Overall, the company has poor fundamentals for a medium to long-term investment strategy.
From a short-term investment perspective, the company presents a deteriorated fundamental situation
Strengths
Growth is a substantial asset for the company, as anticipated by dedicated analysts. Within the next three years, growth is estimated to reach 65% by 2026.
Analysts covering this company mostly recommend stock overweighting or purchase.
The difference between current prices and the average target price is rather important and implies a significant appreciation potential for the stock.
Analysts' price targets are all relatively close, reflecting good visibility on the company's valuation.
Weaknesses
The company's profitability before interest, taxes, depreciation and amortization characterizes fragile margins.
The company sustains low margins.
The firm pays small or no dividend to shareholders. For that reason, it is not a yield company.

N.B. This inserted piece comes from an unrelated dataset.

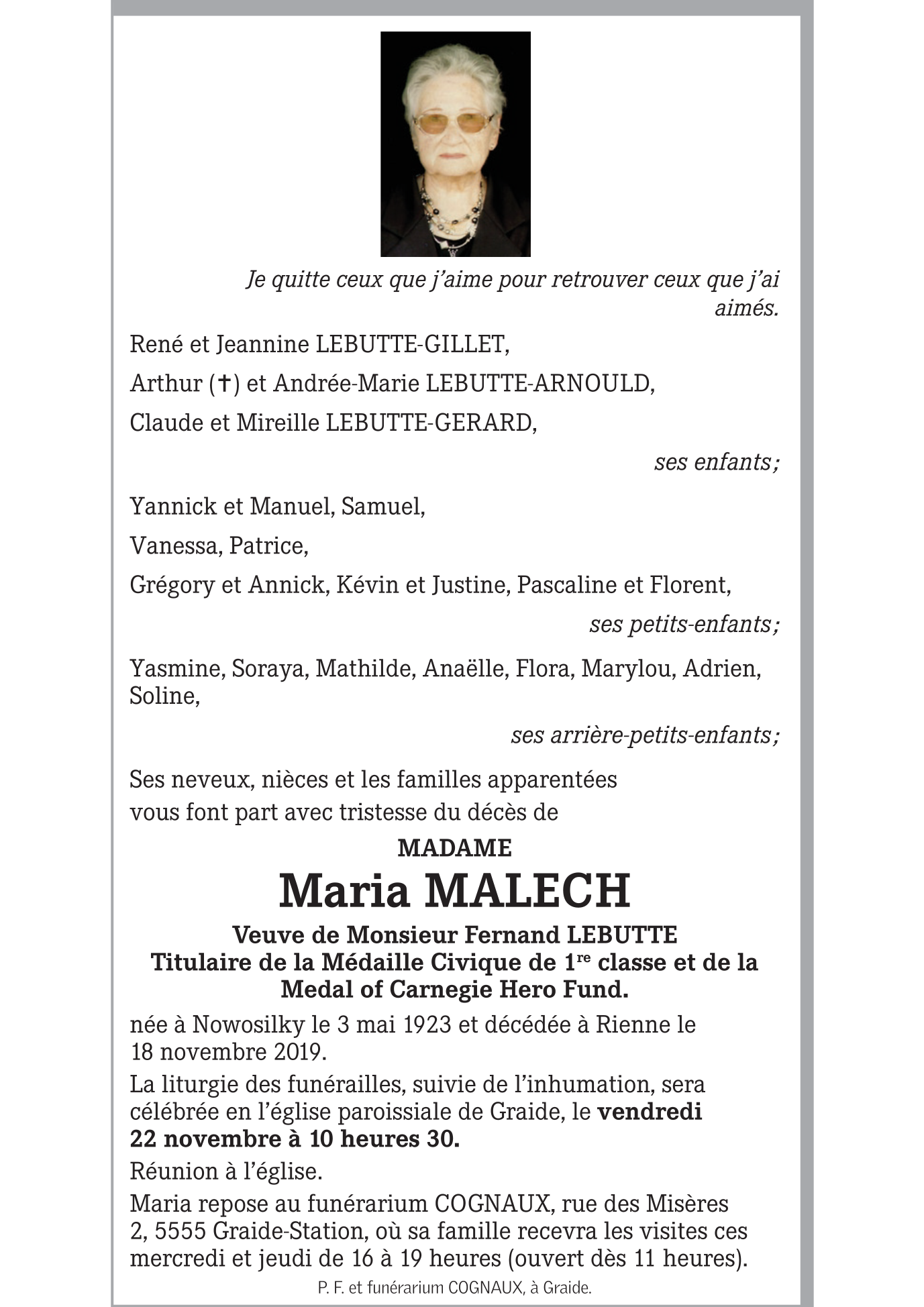 Décédée à Rienne (5575) le lundi 18 novembre 2019 à l'âge de 96 ans

For the last twelve months, sales expectations have been significantly downgraded, which means that less important sales volumes are expected for the current fiscal year over the previous period.
The company's sales previsions for the coming years have been revised downwards, which foreshadows another slowdown in business.
For the last few months, analysts have been revising downwards their earnings forecast.
Over the past twelve months, analysts' consensus has been significantly revised downwards.
Financial statements have repeatedly disappointed market stakeholders. Most often, they were below expectations.